I have a problem deciding if I should award a force-sensitive character in my game conflict for an action he took at the end of our last session. Warning, wall of text to paint the picture before asking what you would do!
The game is an EotE game, but I've been using the morality rules for the pair of force-sensitive characters. The PCs got caught in a clash between Imperials and pirates at a shadowport. Long story short, there is a space battle going on between an Imperial II-Class Frigate and TIEs on one side vs a pair of pirate corvettes, blast boats and fighters (headhunters and cloakshapes).
The PCs fought a running battle with both Imperials and the pirates in the shadowport and then escaped in their freighter, which they borrowed for this mission and is carrying a very important cargo for their Hutt employer. The freighter was undamaged, and they wanted only to escape into hyperspace and needed a few rounds to get out of the gravity well of the huge gas giant the shadowport orbits.
At this point in time, the pirates are winning the space battle (the actions the PCs took in the shadowport influenced this, that's an even longer story). Only a few TIEs remain, and the frigate is taking heavy damage. As the PCs are detected the pirates send a handful (6) fighters to intercept. The characters are fairly experienced, the ship had a couple of laser cannons. They were in very little danger, and could escape soon.

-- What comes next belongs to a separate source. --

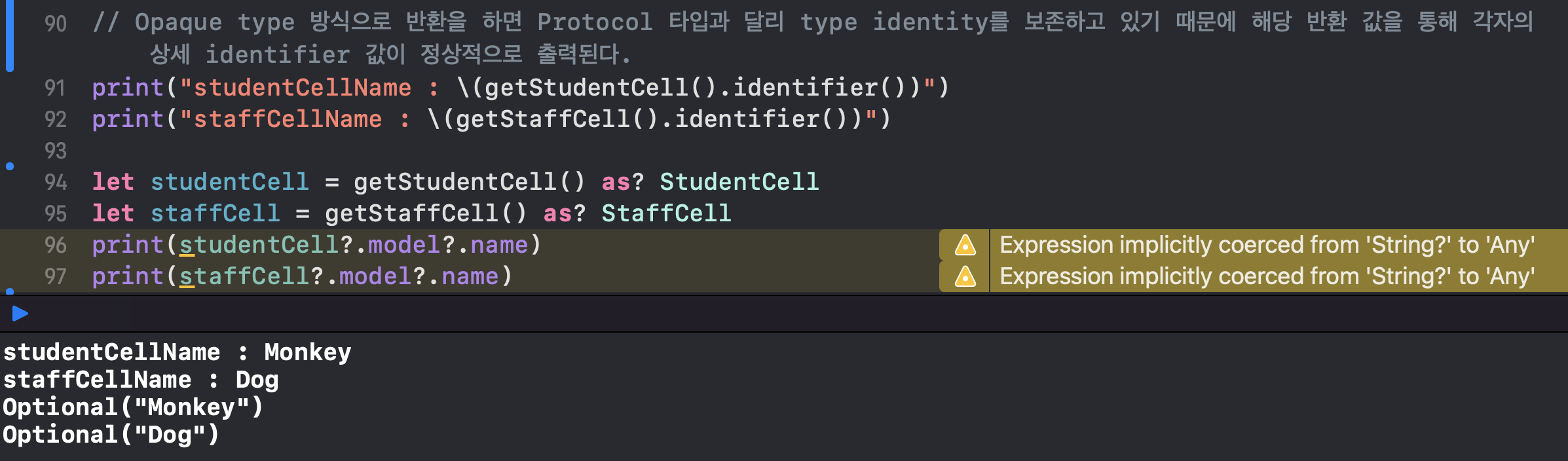 Opaque type으로 반환타입을 바꿔보았습니다. 아까전처럼 각각의 메서드는 분명히 ConfigurableCell을 채택한 StudentCell, StaffCell을 반환하고 있지만, 컴파일 에러 없이 반환이 될 수 있는 것을 볼 수 있습니다.
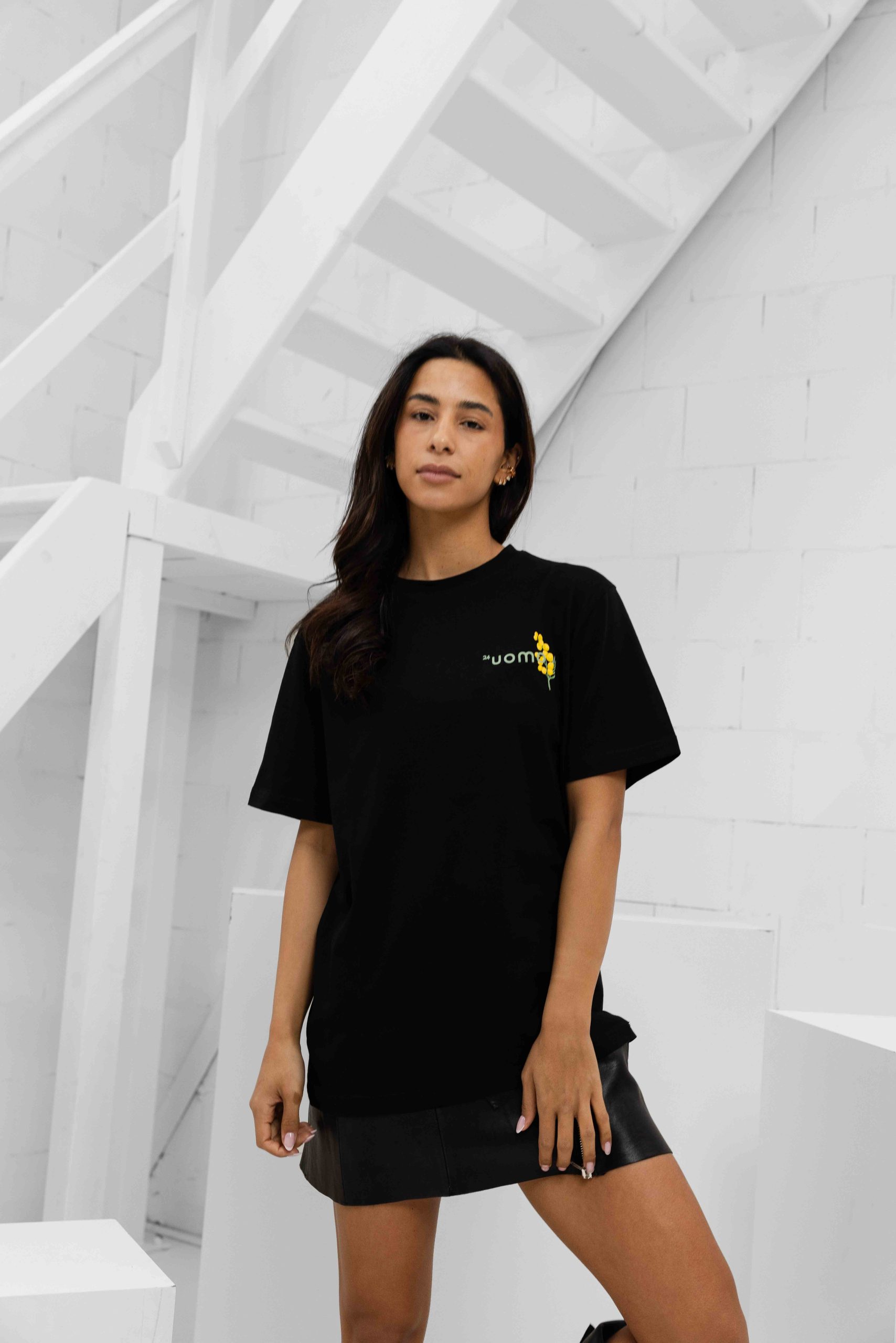 24 Uomo Flower T-Shirt Dames Zwart

Now the possible conflict. The frigate is damaged so badly that the crew abandons ship in escape pods and a single shuttle. As that is happening the force-sensitive PC gets on the comm, using a comlink stolen from an imperial officer in the shadowport. Seeing the incoming pirate fighters he contacts the TIEs, pretends to be the officer and orders them to make sure the PCs freighter escapes, and that nothing else matters.
Of course he rolls a difficult Deception check, with several setback dice (but also a boost for having an imperial comlink and the name of the officer). And rolls really well. The TIEs set course to pursue the fighters, and they break to attack the TIES rather than letting them engage them from the rear. The PCs escape, the TIEs die rather than having the chance to surrender or keep the escape pods safe until backup arrives (it was, unknown the the characters, who never bothered to ask about that, on it's way). And the pirates blast several escape pods out of spite.
I hope I have painted the picture in an adequate way. My question is, is this a morally ambiguous act? Would you give a PC who does this any conflict, and if so, how much? I am torn on the subject. He did get people killed through a needless and quite selfish action. But the people were soldiers, some in fighters, others in escape pods. What would you do in a situation like this?